Niepoprawna Jola szuka Gentelmena
Dzień dobry,
opowiadaniem tym tymczasowo,
definitywnie kończymy temat miłości.
Dziś zdaje sobie pytanie czy znajdę
faceta tak nie dzisiejszego jak ja? Krótko mówiąc Jola szuka
gentelmena. Jola marzy o gentelmenie.
Być może trochę naiwnie wierze, że
znajdzie się ktoś kto będzie się o mnie starał. Marze o facecie,
który będzie patrzył w moje oczy. Marze o tym, żeby być czyjmś
świat. Marze o tym by być obdarowywana koszami róż. Marzę o tym
by komuś chciało spełniać się moje sny.
Obiecuje nie obracać się w tył. Nie
stroić min, nie strzelać fochów jak dama.

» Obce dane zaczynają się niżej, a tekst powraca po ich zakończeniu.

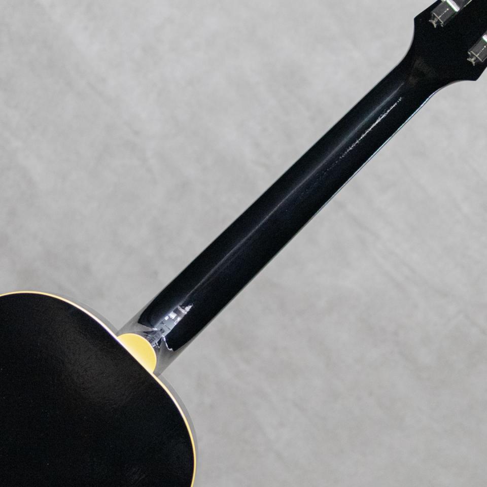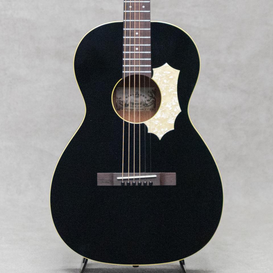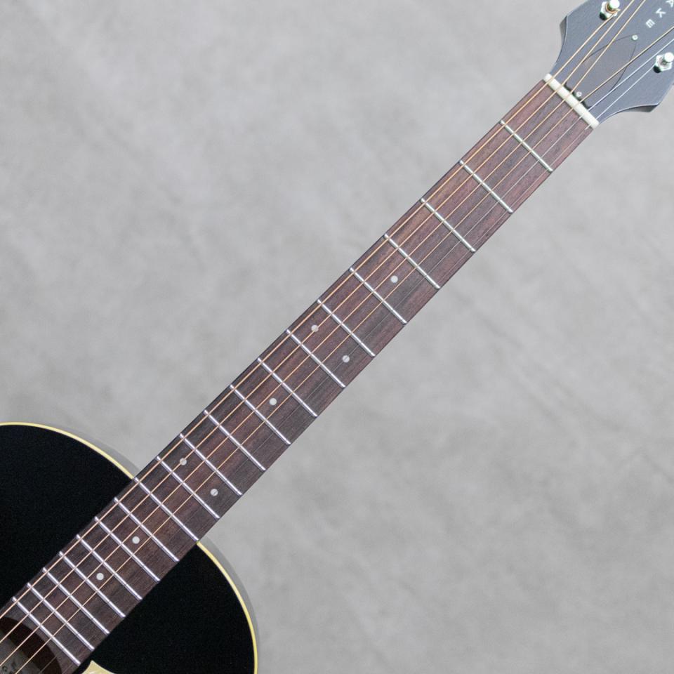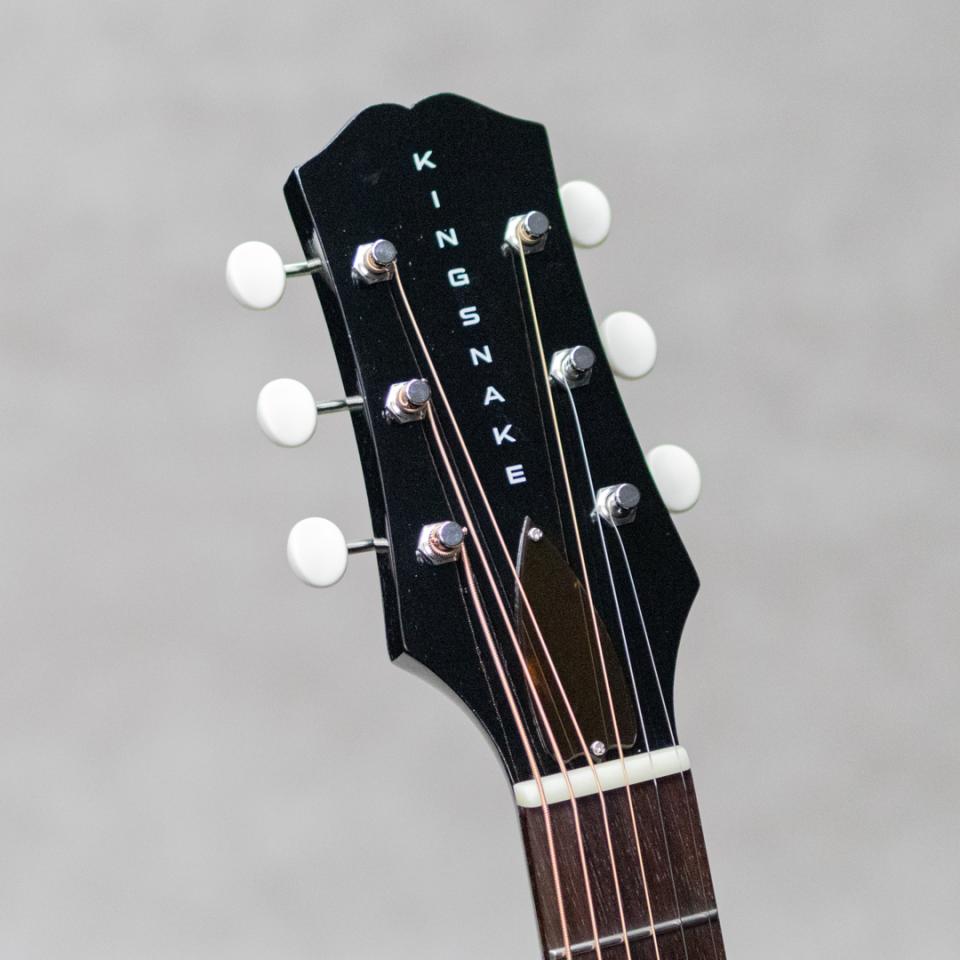 抜群のコストパフォーマンスを誇り、随所にこだわったハイクオリティな製品を生み出す"KING SNAKE”。国産での確かな製造を持ち、明確なコンセプトに基づき設計される各モデルは、実用的かつ実践向きなギターを産み出しています。本器は、小ぶりなシングルOボディサイズのボディを持つ”Yucca Black”。ブルースプレイで求められる要素をしっかりと詰め込み設計されたブルースに特化したフラットトップモデル。スプルース単板トップ、マホガニーサイド&バック、マホガニーネック、ローズウッド指板&レクタングルブリッジ、パーロイドピックガード、Gotoh製3連ペグ、ナット幅42.7mm、ラダーブレイシングトップ、エボニーブラックフィニッシュ。タイトで骨太なレスポンス。しっかりと音抜けがしながらモタつかないフィール。しかしながら、弦を弾いたときに出る倍音をまとったしっかりとコシのあるトーンは、コンセプト通りの期待を裏切らないサウンド。小気味よく軽快に、ノスタルジックに泥臭く、まさに”Just for Blues”。また本器の特徴的な設計として13Fジョイントを採用。箱鳴りの豊かさとプレイ幅の広さを考慮した両有のデザインになっています。モデル名の”Yucca”は乾燥地帯に自生する植物の名ですが、”Yucca"の葉は硬く、形状は剣状で先が針のように硬く尖り、銃剣/bayonet、短剣/dagger、剣/Sword、針/needle等とも呼ばれるこの植物と、このギターの持つトーンが似ていることで命名されました。明確なコンセプトを確かな国産技術で具現化された”Yucca”。小脇に抱え小気味よく、ブルースを奏でてください。オリジナルハードケース付属

Nie będę się bawić,
nie będę grać w podchody. Proszę tylko o to byś był moim
gentelmenem. Obiecuje kochać, nie zostawiać Cię w domysłach. Ty
bądź tylko gentelmenem kochaj mnie. Ja obiecuje dać Ci szanse, bo
wiem że będziesz jej wart.
Gentlemen to skarb!!! Tak bardzo ich
brak!!!
Czy znajdę Cię w tłumie, bo to właśnie może Ty zechcesz być moim Gentelmenem?
Czy znajdę Cię w tłumie, bo to właśnie może Ty zechcesz być moim Gentelmenem?